Fresenius Helios

At hospitals, waste disposal, hygiene, and the high energy requirements place exacting demands on environmental management.

In the area of waste disposal, the goal is a cost-efficient and environmentally compatible solution. We see waste management as a process that begins already at the purchasing stage and ends with systematic recycling, for example, recycling solvents or the resale of infusion glass bottles. All waste materials are recorded using a standardized system and are classified into corresponding waste categories. We use this data, for instance, as a basis for deciding whether to conclude contracts with regional waste management companies or to have a Group-wide contract with one company.

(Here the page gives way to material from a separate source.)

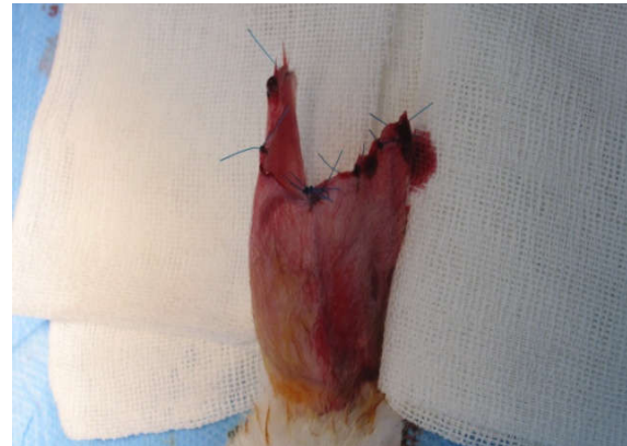
شکل ۳: برداشتن غضروف گوش

از غضروف جدا شده عکسبرداری انجام شد (شکل ۴). هر چند افزون بر وزن غضروف و باقی‌ماندن حجم و فرم آن در جراحی پلاستیک اهمیت زیادی دارد، در این مطالعه فقط وزن آن‌ها اندازه‌گیری شد و داده‌های در فرم مربوطه ثبت شد. نمونه‌ها در محلول فرمالین ۱۰٪ فیکس شد و جهت بررسی پاتولوژی فرستاده شد. در ادامه نمونه‌ها برش داده شده و رنگ‌آمیزی به روش هماتوکسلین و انوزین (H&E) انجام شد و نمونه‌ها از نظر میزان کندروسیت‌های زنده و فیروز توسط پاتولوژیست مورد بررسی قرار گرفت. نتایج حاصل از بررسی در هر یک از انواع گرفت‌ها در فرم‌های ویژه ثبت شد و سپس توسط SPSS software version 19 (IBM SPSS, Armonk, NY, USA) تحلیل گردید.

More and more disposable articles are being used in the medical products at hospitals. However, this is not necessarily at the expense of environmental protection. Disposable covers in the operating theater, for instance, have a better environmental impact than reusable ones. This is because their production and preparation for reuse consumes more energy than that required to produce and dispose of covers that are only used once. Moreover, surfactants and other chemicals are necessary to disinfect those products and harm the environment.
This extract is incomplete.